### RAW DATA
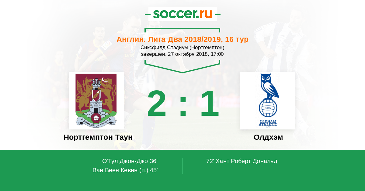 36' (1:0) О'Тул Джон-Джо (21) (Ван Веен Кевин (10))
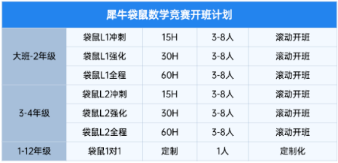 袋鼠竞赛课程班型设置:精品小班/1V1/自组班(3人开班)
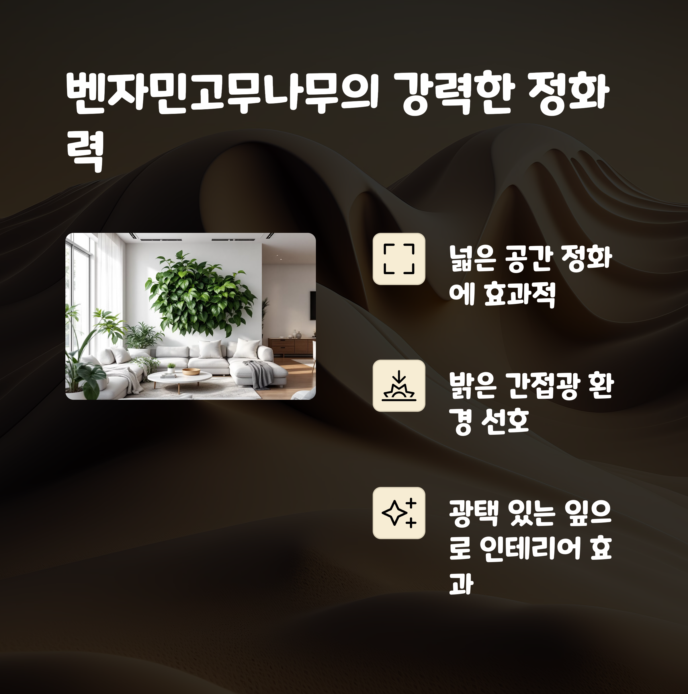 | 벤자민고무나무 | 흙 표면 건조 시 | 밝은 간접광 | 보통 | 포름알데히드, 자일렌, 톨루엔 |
---
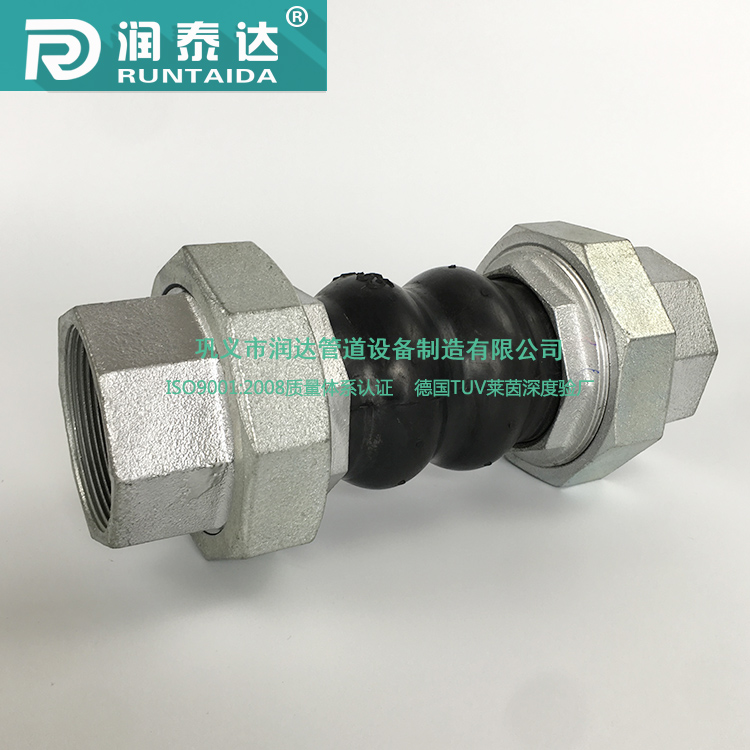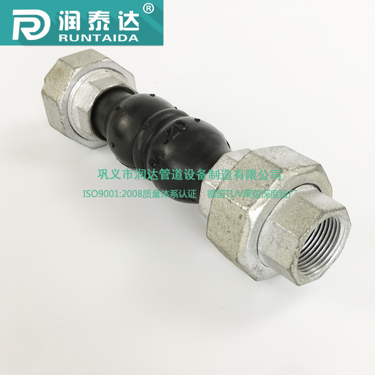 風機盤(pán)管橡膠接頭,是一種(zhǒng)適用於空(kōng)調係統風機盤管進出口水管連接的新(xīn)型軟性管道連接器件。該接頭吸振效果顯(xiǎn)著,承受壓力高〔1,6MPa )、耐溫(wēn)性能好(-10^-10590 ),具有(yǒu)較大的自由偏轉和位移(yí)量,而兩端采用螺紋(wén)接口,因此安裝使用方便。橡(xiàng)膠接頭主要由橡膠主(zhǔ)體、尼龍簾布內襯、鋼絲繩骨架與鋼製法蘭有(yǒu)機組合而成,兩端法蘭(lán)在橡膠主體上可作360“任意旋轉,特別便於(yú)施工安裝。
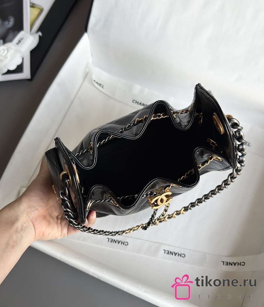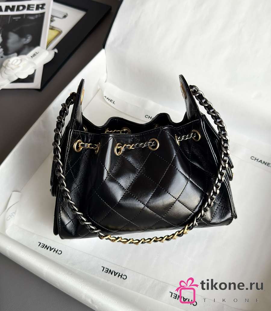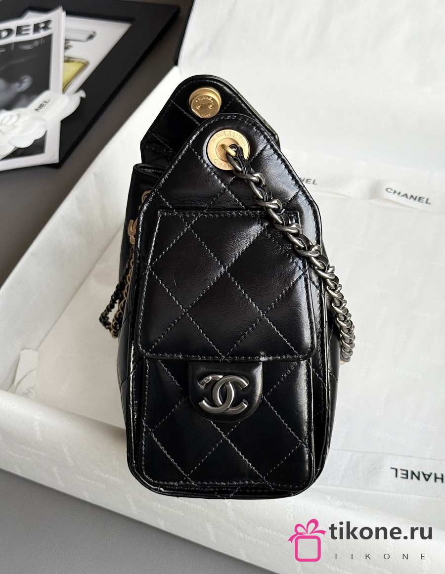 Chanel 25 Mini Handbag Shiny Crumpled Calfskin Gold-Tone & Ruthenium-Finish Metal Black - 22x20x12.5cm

### EXERCISE
Your answer is the exact run of lines above from the one with "36' (1:0) О'Тул" through the one with "포름알데히드, 자일렌, 톨루엔 |", both ends included, minus any picture.

### SOLUTION FOR THIS PROBLEM
 36' (1:0) О'Тул Джон-Джо (21) (Ван Веен Кевин (10))
 袋鼠竞赛课程班型设置:精品小班/1V1/自组班(3人开班)
 | 벤자민고무나무 | 흙 표면 건조 시 | 밝은 간접광 | 보통 | 포름알데히드, 자일렌, 톨루엔 |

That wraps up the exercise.